5 security, 1 wired equivalent privacy (wep), 1 cisco fast secure roaming (fsr) – Polycom H340 User Manual

23

© 2010 Polycom, Inc. All rights reserved. POLYCOM

®

, the Polycom “Triangles” logo and the names and marks associated with Polycom’s products are trademarks and/or service marks of Polycom, Inc.

and are registered and/or common law marks in the United States and various other countries. All other trademarks are property of their respective owners. No portion hereof may be reproduced or

transmitted in any form or by any means for any purpose other than the recipient’s personal use without the express written permission of Polycom

Deploying SpectraLink e340, h340 and i640 Wireless Telephones

BEST PRACTICES GUIDE

October 2010

5 Security

Proper security provisions are critical for any enterprise Wi-Fi network. Wireless technology does not provide any

physical barrier from malicious attackers since radio waves penetrate walls and can be monitored and accessed from

outside the facility. The extent of security measures used is typically proportional to the value of the information

accessible on the network. The security risk for VoWLAN is not limited to the typical wired telephony concerns of

eavesdropping on telephone calls or making unauthorized toll calls, but is equivalent to the security risk of the data

network that connects to the APs. Different security options are supported on SpectraLink Wireless Telephones.

Determining the proper level of security should be based on identified risks, corporate policy and an understanding of

the pros and cons of the available security methods.

5.1 Wired Equivalent Privacy (WEP)

SpectraLink Wireless Telephones support Wired Equivalent Privacy (WEP) encryption as defined by the 802.11

standard. The handsets can use either 40-bit or 128-bit key lengths. WEP is intended to provide the same level of

security over a wireless LAN as on a wired Ethernet LAN. Although security flaws have been identified, WEP still

provides strong encryption that requires an experienced and dedicated hacker to break. While WEP is often not an

acceptable option for many high security or privacy focused enterprises, it is still useful and provides reasonable

performance for voice due to the shortened (quicker) key exchange process.

5.2 Wi-Fi Protected Access (WPA) Personal, WPA2 Personal

Recognizing the need for stronger security standards beyond WEP, the IEEE developed the 802.11i standard, which

includes stronger encryption, key management, and authentication mechanisms. Wi-Fi Protected Access (WPA) is

based on draft 3.0 of the 802.11i specification and uses TKIP (Temporal Key Integrity Protocol) encryption. WPA2 is

based on the ratified 802.11i standard. The major enhancement of WPA2 over WPA is the inclusion of the Advanced

Encryption Standard (AES), which is widely accepted as one of the most secure encryption algorithms available.

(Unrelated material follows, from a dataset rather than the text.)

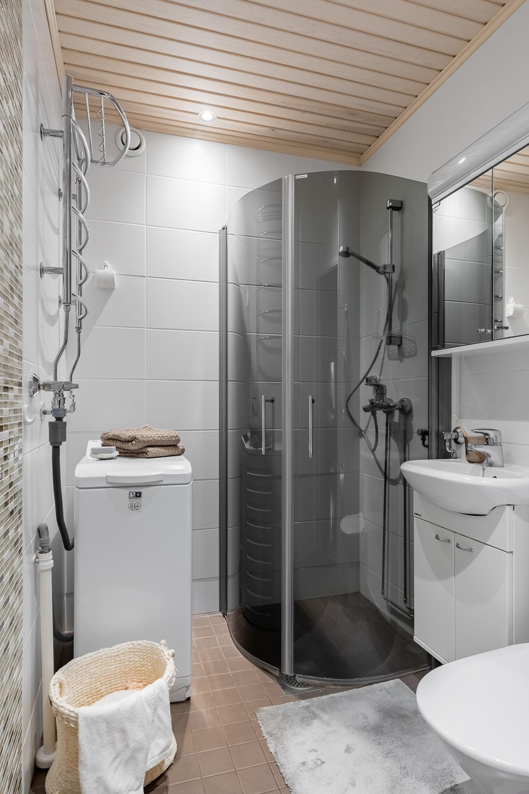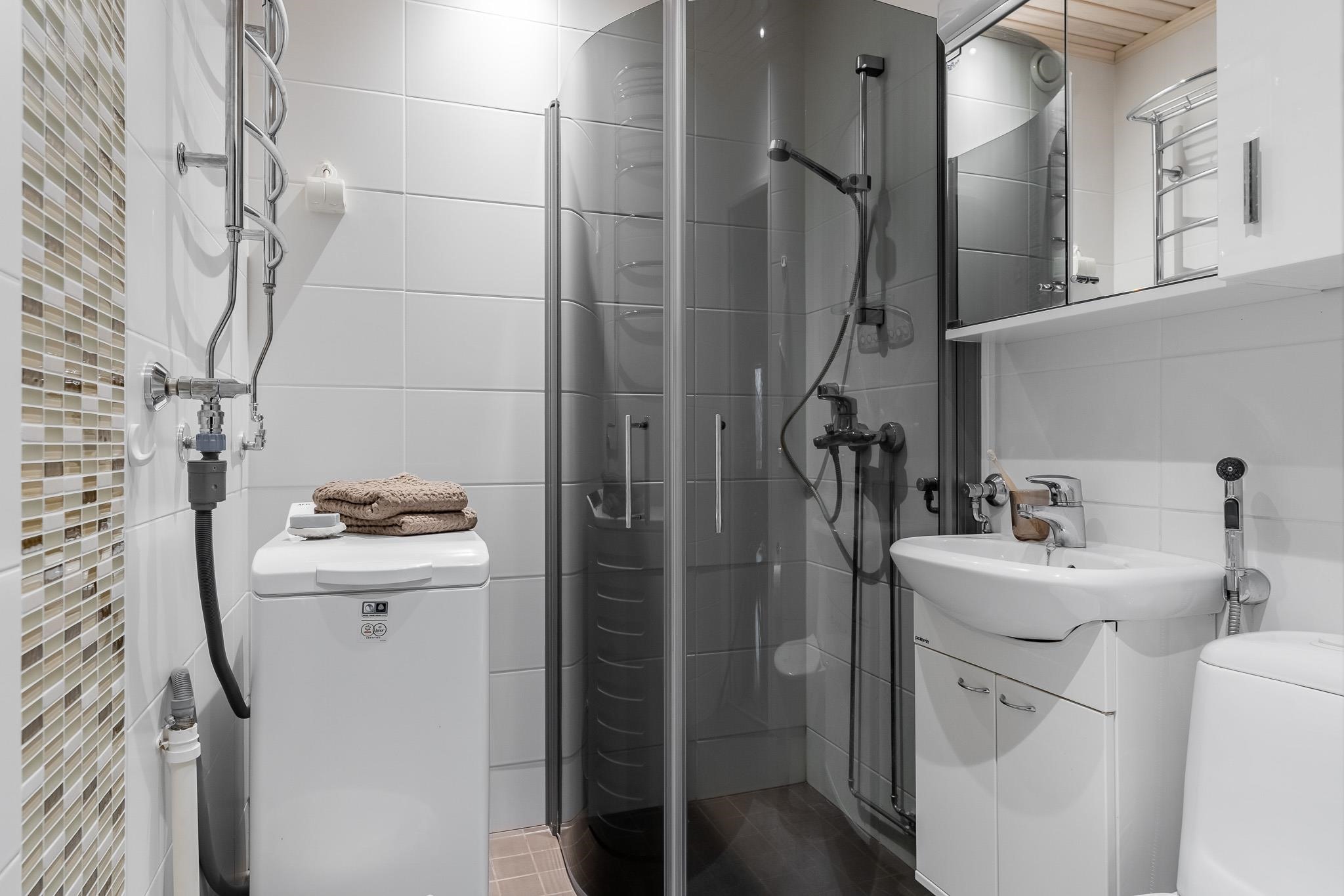 - Kylpyhuone, suihku, suihkuseinä, peilikaappi, kaapit, allaskaappi, pesukoneliitäntä, lattialämmitys, kiinteät valaisimet. Pyyhekuivain vesikiertoinen

Personal mode uses a password-based authentication method called Pre-Shared Key (PSK). Personal mode is

good for time-sensitive applications such as voice, because the key exchange sequence is limited and does not

adversely affect roaming between APs. The PSK can be entered in hexadecimal or as an ASCII passphrase from

the handset’s administration menu or the HAT. The handset supports both WPA Personal and WPA2 Personal

modes.

5.2.1 Cisco Fast Secure Roaming (FSR)

Cisco’s Fast Secure Roaming (FSR) mechanism uses a combination of standards-based and proprietary security

components including Cisco Client Key Management (CCKM), LEAP authentication, Michael message integrity

check (MIC) and Temporal Key Integrity Protocol (TKIP). FSR provides strong security measures for authentication,

privacy and data integrity along with fast AP roaming on Cisco APs.

5.3 Using Virtual LANs

Virtual LANs (VLANs) can be used to segregate traffic into different security classes. By using separate VLANs, data

traffic can utilize the most robust but processing-intensive wireless security methods. In order for voice to operate

efficiently in a WLAN, it is critical that it be separated from the data traffic by using VLANs, mapped to WLAN SSIDs.

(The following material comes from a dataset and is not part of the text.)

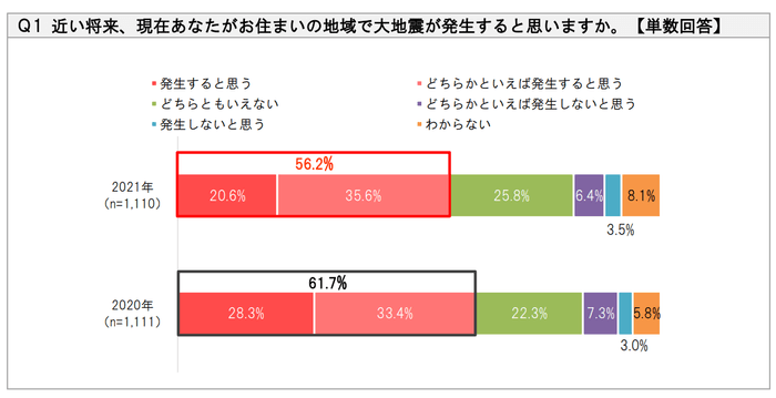 お住まいの地域における将来の大地震発生の可能性について聞いたところ、「発生すると思う(どちらかといえばを含む)(56.2%)」が過半数を超えたものの、昨年(61.7%)より減少する結果となりました。このほか、大地震で不安に感じること、家庭で行っている地震対策などの質問においても、全体の回答比率が昨年と比べて減少傾向となりました。

The 802.1Q standard establishes a method for inserting VLAN membership information into Ethernet frames via

header-information tags. SpectraLink infrastructure equipment and SVP do not generate or forward these tags, but

are otherwise compatible with 802.1Q up to the Ethernet switch ports used for the SpectraLink equipment.

5.4 MAC Filtering and Authentication

Most access points can be configured to allow or deny association of wireless clients based on their unique MAC

address, which can be used as a method of securing the WLAN. This process generally works well, but can cause

some performance issues on some APs and is never recommended when using voice on a WLAN.